From 3cafb8ba669271debdbe10630f8fbf33aca80a1b Mon Sep 17 00:00:00 2001
From: 1stprinciple <ztyharbin@gmail.com>
Date: Mon, 10 Nov 2025 22:28:13 +0100
Subject: [PATCH 2/5] formatting

---
 rllm/engine/rollout/fireworks_engine.py | 2 +-
 1 file changed, 1 insertion(+), 1 deletion(-)

diff --git a/rllm/engine/rollout/fireworks_engine.py b/rllm/engine/rollout/fireworks_engine.py
index 061048bed..455c08069 100644
--- a/rllm/engine/rollout/fireworks_engine.py
+++ b/rllm/engine/rollout/fireworks_engine.py
@@ -140,7 +140,7 @@ async def chat_completion(self, messages: list[dict], **kwargs) -> ModelOutput:
                 finish_reason = response["choices"][0]["finish_reason"]
 
                 prompt_token_ids = response["prompt_token_ids"]
-                completion_token_ids = response.json()['choices'][0]['token_ids']
+                completion_token_ids = response.json()["choices"][0]["token_ids"]
                 return ModelOutput(
                     text=text,
                     content=content,

From 18dc2437554ceac8a35824f1d7fb69e7eb07cf5f Mon Sep 17 00:00:00 2001
From: 1stprinciple <ztyharbin@gmail.com>
Date: Tue, 11 Nov 2025 00:01:08 +0100
Subject: [PATCH 3/5] remove /

---
 rllm/engine/rollout/fireworks_engine.py | 2 +-
 1 file changed, 1 insertion(+), 1 deletion(-)
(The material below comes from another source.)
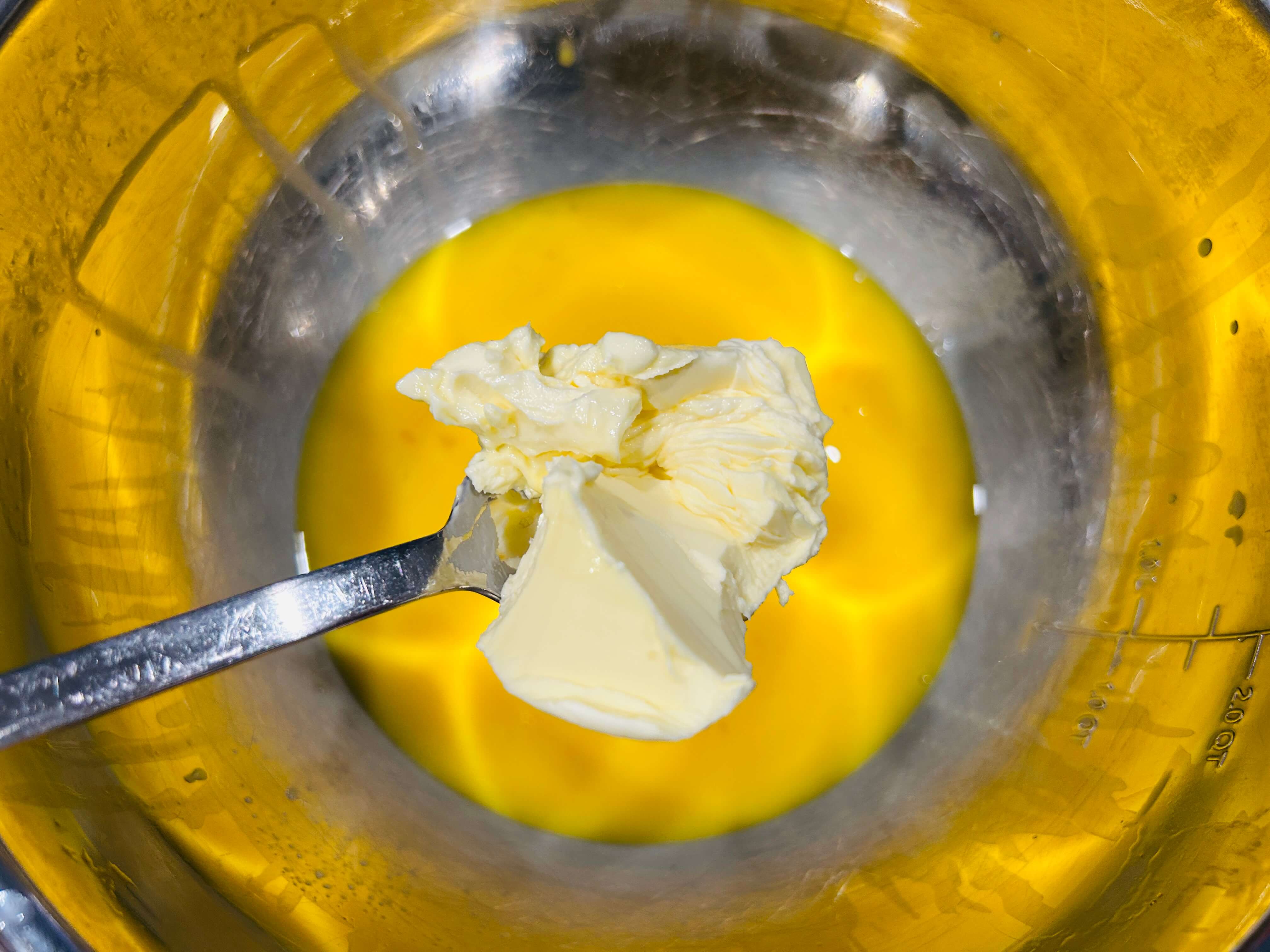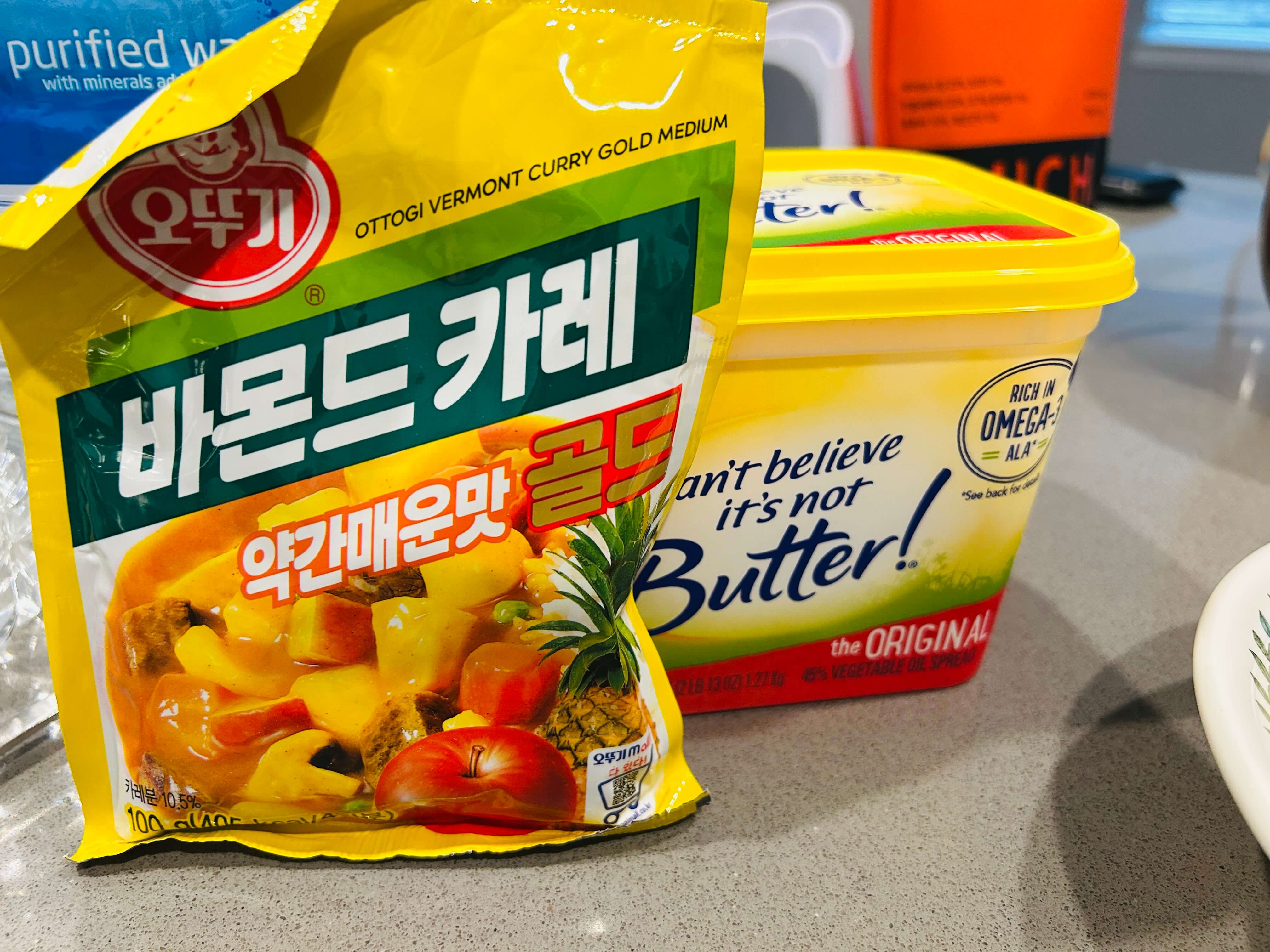 3. 버터 1숟갈, 카레가루 1 숟갈을 넣어줍니다. (버터는 계란말이를 할 때 프라이팬에 녹여가며 넣어주셔도 됩니다)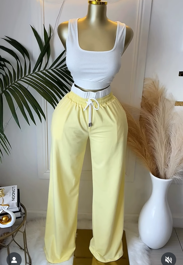 Viviblook Z725ST02 Women Outfits Tracksuit Casual Backless Tank Tops High Waisted Wide Leg Pants Plus Zise Set 2 Piece Sets

diff --git a/rllm/engine/rollout/fireworks_engine.py b/rllm/engine/rollout/fireworks_engine.py
index 455c08069..5454ea604 100644
--- a/rllm/engine/rollout/fireworks_engine.py
+++ b/rllm/engine/rollout/fireworks_engine.py
@@ -168,7 +168,7 @@ async def chat_completion(self, messages: list[dict], **kwargs) -> ModelOutput:
                 await asyncio.sleep(1)
 
     def _fireworks_chat_completion(self, messages, sampling_params):
-        url = urljoin(str(self.client.base_url), "/chat/completions")
+        url = urljoin(str(self.client.base_url), "chat/completions")
         payload = {
             "model": self.model,
             "messages": messages,

From b95f7e50691acb349e9e4c08b194a98f4e35c33e Mon Sep 17 00:00:00 2001
From: 1stprinciple <ztyharbin@gmail.com>
Date: Tue, 11 Nov 2025 00:34:56 +0100
Subject: [PATCH 4/5] remove .json()

---
 rllm/engine/rollout/fireworks_engine.py | 2 +-
 1 file changed, 1 insertion(+), 1 deletion(-)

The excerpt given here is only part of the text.